===== Given material =====

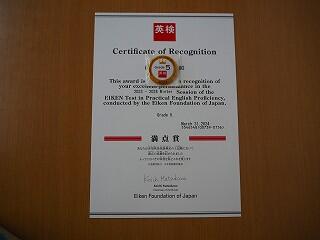 英検での満点賞、なかなか取れるものではないそうです。素晴らしい
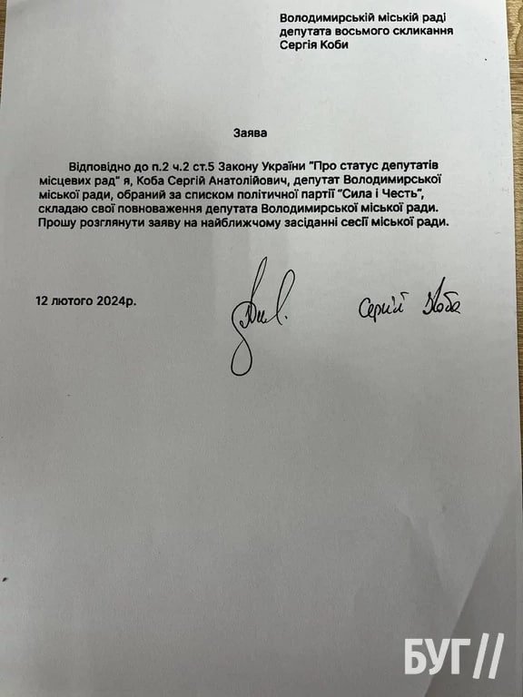 Заяву, датовану 12 лютого, Сергій Коба надіслав електронним листом на пошту Володимирської міської ради. У ній він виявив намір скласти повноваження депутата Володимирської міської ради, обраним за списком політичної партії «Сила і Честь».
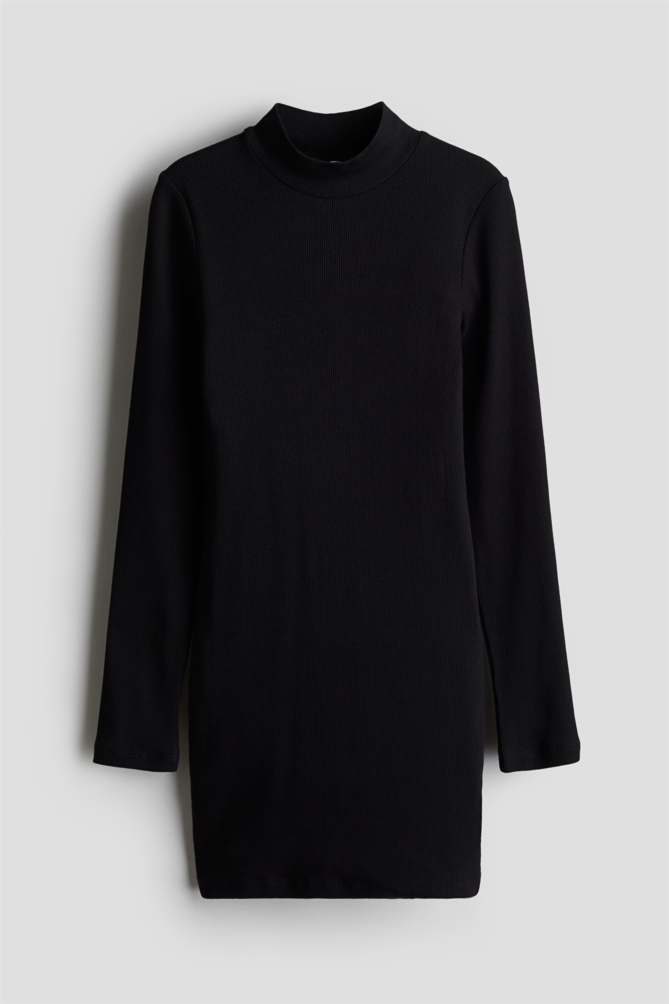 Платье из мягкого ребристого хлопкового трикотажа с черепаховой горловиной и длинными рукавами.

=====

● **Instructions for the task**
The lines to write out are those from the first line of the listing above through the line bearing "Заяву, датовану 12", both included, copied exactly with pictures dropped.

● **Reply**
 英検での満点賞、なかなか取れるものではないそうです。素晴らしい
 Заяву, датовану 12 лютого, Сергій Коба надіслав електронним листом на пошту Володимирської міської ради. У ній він виявив намір скласти повноваження депутата Володимирської міської ради, обраним за списком політичної партії «Сила і Честь».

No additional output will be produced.